Hint: To start with, we are to determine if the vectors given in this problem are coplanar or not. We are to analyze the result by finding their scalar triple product. If the product is valued zero, then they are coplanar and otherwise not coplanar. We will solve the problem by forming a determinant with the components and then finding its value.

Complete step by step answer:
Here in this problem we are provided with three vectors and we are to check if they are coplanar or not.
The three given vectors are, $a=\left[ -2,-1,4 \right],b=\left[ 5,-2,5 \right]$ and $c=\left[ 3,0,-1 \right]$.
Now, to find if they are coplanar or not, we have to find their scalar triple product. If the value of the scalar triple product turns out to be zero, then the vectors are coplanar. On the other hand, if the value is not equal to zero, then we will conclude that the vectors are not coplanar.
An easy way to find the scalar triple product is to evaluate the determinant made by the components one by one and find the value of the determinant. Similarly, if the value of the determinant is said to be zero, then we will get to know that the vectors are coplanar.

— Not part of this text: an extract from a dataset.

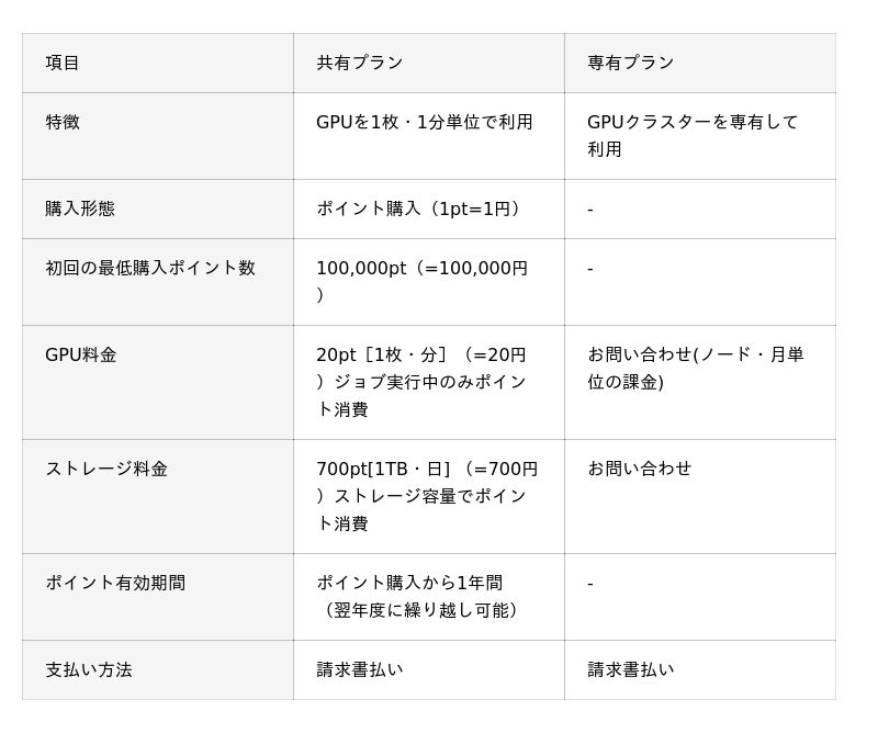 ポイント制導入 GPU1分・1枚単位の課金でクラスター構成環境を提供
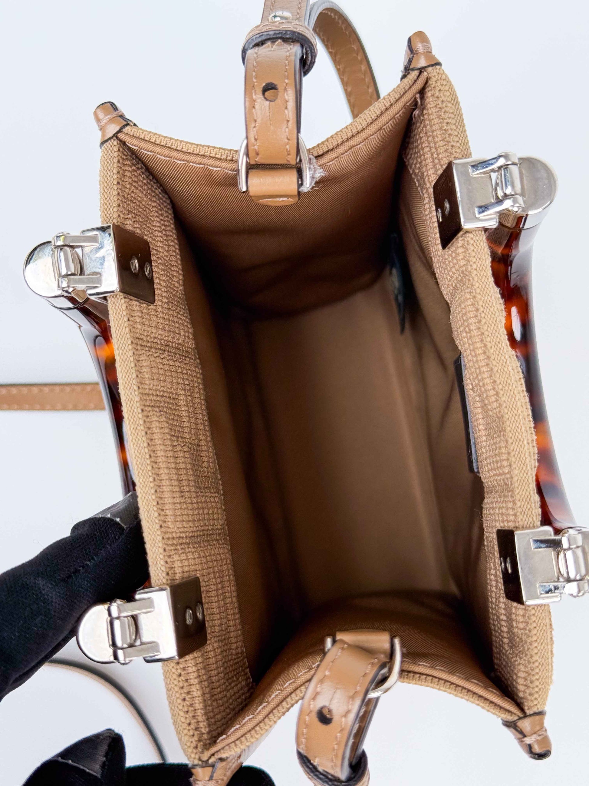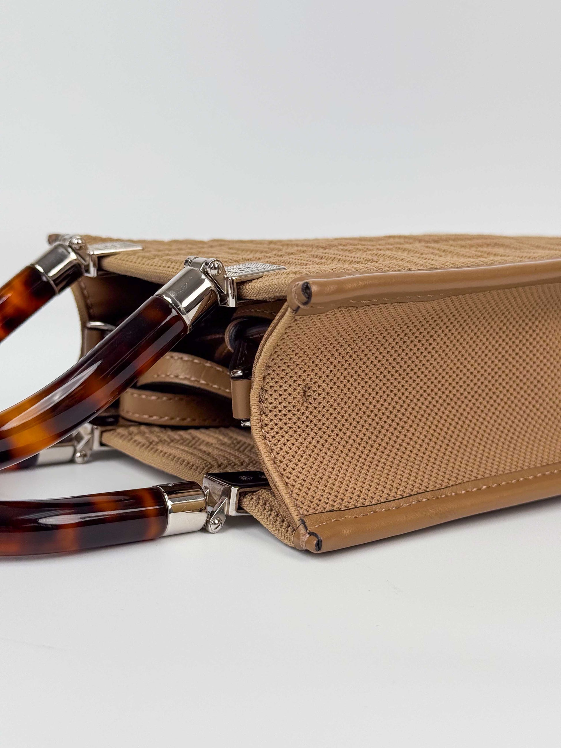 (A63) Fendi Beige Fabric FF Logo Mini Sunshine Shopper Shoulder Bag Silver Hardware

Again, on the other hand, if the value is said not to be zero, then we will know that the vectors are not coplanar.
Now, to find the determinant,
$\left| \begin{matrix}
   -2 \\
   5 \\
   3 \\
\end{matrix}\begin{matrix}
   -1 \\
   -2 \\
   0 \\
\end{matrix}\begin{matrix}
   4 \\
   5 \\
   -1 \\
\end{matrix} \right|$
Simplifying,
$\Rightarrow -2\left| \begin{matrix}
   -2 & 5 \\
   0 & -1 \\
\end{matrix} \right|-1\left| \begin{matrix}
   5 & 5 \\
   -1 & 3 \\
\end{matrix} \right|+4\left| \begin{matrix}
   5 & -2 \\
   3 & 0 \\
\end{matrix} \right|$
$\Rightarrow -2\left( 2-0 \right)-1\left( 15+5 \right)+4\left( 0-\left( -6 \right) \right)$
$\Rightarrow -2.2-1.20+4.6$
So, we get,
$\Rightarrow -4-20+24=0$
We can see the value of the determinant is zero, then the vectors are said to be coplanar.

Hence the solution is, (b) Finding their scalar triple product .

Note:
The scalar triple product is also obviously very useful if you have a lot of parallelepipeds lying around and want to know their volume. But, if you don't happen to find yourself pining to know the volume of a parallelepiped, you may wonder what's the use of the scalar triple product. Nonetheless, the scalar triple product does have its uses even if you aren't that excited about parallelepipeds. In multivariable calculus, it turns out there are parallelepipeds lurking behind some important formulas and theorems. The reason stems from the definition of the differentiability of functions.